The study offers some interesting insights into citizen participation and representative democracy. The community group in the study forge their own path. They utilise local government processes, but only in so far as working with the representative system of democracy will enable them to achieve their objectives. That they operate “without” rather than “within” the system suggests we are seeing the emergence (or re-emergence?) of a model of citizen participation that poses a challenge to prevailing behaviours and practices; members of a local community directly representing themselves and assuming community leadership and service delivery roles divorced from the structures and institutions of the state.

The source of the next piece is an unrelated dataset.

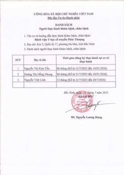 Danh sách người thực hành Khám bệnh, chữa bệnh T7/2025

The real challenge facing the state is how to marry, and potentially harness, citizen participation which is predominantly protest based, localised and issue specific with local democratic processes which aim to balance a wider range of policy and political interests.

Jackson-Read

Cathy Jackson-Read is an experienced facilitator and organisational development consultant who has worked at strategic and operational levels with a variety of statutory service providers, regional and sub-regional agencies and voluntary and community organisations, to enable cross sector liaison and collaborative working. Cathy currently works as a senior manager with Onside Independent Advocacy, a Worcester based charity providing services and support to vulnerable and disadvantaged adults. She also recently stood as a Liberal Democrat candidate in the Worcestershire County Council elections and leads the local party’s Adult Health and Social Care Group.